Bitcoin (BTC) and ether (ETH) traded in a compressed range and trading volume was light on Thursday following the release of key U.S. jobs and productivity data.
Bitcoin was lingering just below $28,000, while ether dropped under $1,800, both down about 1.5%.
The third and final estimate for Real Gross Domestic Product (GDP), showed the U.S. economy expanded by 2.6% during the fourth quarter of 2022, slightly below expectations of 2.7% The GDP figure was revised downward from prior estimates of 2.9% and 2.7% because consumer spending and exports were lower than initially calculated.
The Personal Consumption Expenditure (PCE) price index rose 3.7% in the fourth quarter, aligning with the consensus estimate, while initial jobless claims of 198,000 exceeded expectations of 192,000.
Corporate profits declined 2% in the fourth quarter following a decline of less than 0.1% in the previous quarter.
Crypto markets’ quiet response implies investors were largely unmoved by the data, which offered faint encouragement the U.S. economy was contracting, a precursor to lower inflation.
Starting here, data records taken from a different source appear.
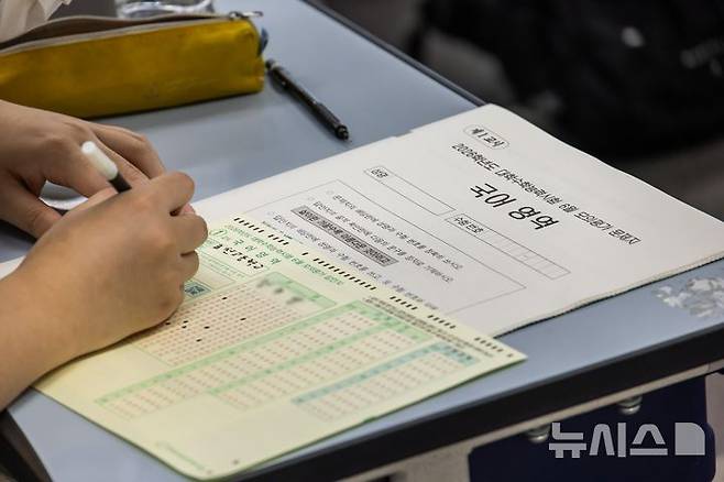 [서울=뉴시스] 사진공동취재단 = 2026학년도 대학수학능력시험 6월 모의평가 시행일인 4일 서울 금천구 금천고등학교에서 학생들이 OMR 카드를 작성하고 있다. 2025.06.04. photo@newsis.com
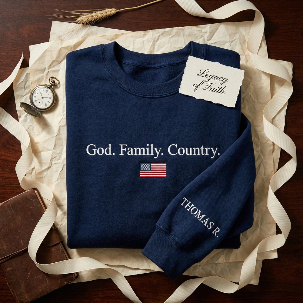 This Patriotic Embroidered Sweatshirt features a premium ‘God. Family. Country.’ design with a minimalist American flag. Personalize the sleeve for a unique gift.
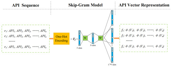 First, each API call is vectorized using the One-Hot algorithm, and each vector’s length V is the amount of unique APIs counted. Row number of the element corresponding to the index position of a word in the vocabulary is 1, and other elements are 0. Then, word embedding is performed. According to the index mapping, each word is mapped to the N-dimensional space so that all words can be mapped to the matrix , where every column in the matrix matches a word. Finally, the output is multiplied with the weight matrix , to acquire a probability distribution. The ultimate goal of model training is to obtain a weight matrix W, in which each row represents a lower dimensional vector of different APIs. In this way, the sequence r in which each API is expressed as a lower dimensional vector . And for out-of-vocabulary (OOV) words, we use ‘0’ as padding.
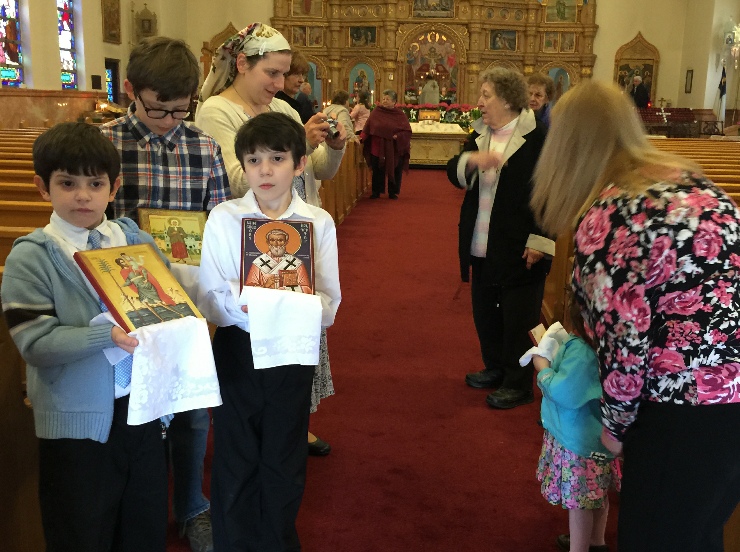 Monday morning was a bit dreary, but spirits were high and bright at St. John’s. Our celebration of the Resurrection of our Lord and Savior Jesus Christ continued with Divine Liturgy followed by a procession around the church. Children who were present carried Icons around the church as we heard the Gospel and blessed the Church building. Father’s blessing was added to sprinkling received from above. Pictures follow of the procession and the children.

BTC traded 0.19% higher during the hour of release, while ETH trimmed its price by 0.9%.
Digital assets have tended to respond more favorably to declining economic signals that would allow the Federal Reserve to scale back its diet of hawkish interest rate hikes and more negatively to indicators that the economy is expanding, usually a harbinger of higher inflation.
The probability of the Fed approving a 25 basis point rate (bps) increase at its next meeting on May 3 leaped from 40% to 50% on Thursday, according to the CME FedWatch tool, which measures rate probabilities.
Crypto investors should particularly note the upward revision in PCE from 3.2% in January because it illustrates the extent to which the Fed’s Federal Open Market Committee had been chasing inflation. The current mark aligning with estimates also supports FOMC base case assumptions about a declining economy.
The 2% contraction of corporate profits is an early indication that the labor market is loosening because declining corporate profitability does not lend itself to jobs expansion. The Fed has been deeply concerned about the tight job market, which typically links to price increases.
All told, crypto markets appeared to be quietly digesting Thursday’s data amid hints that price increases reflect what the market has already baked in, and that offset inflationary concerns.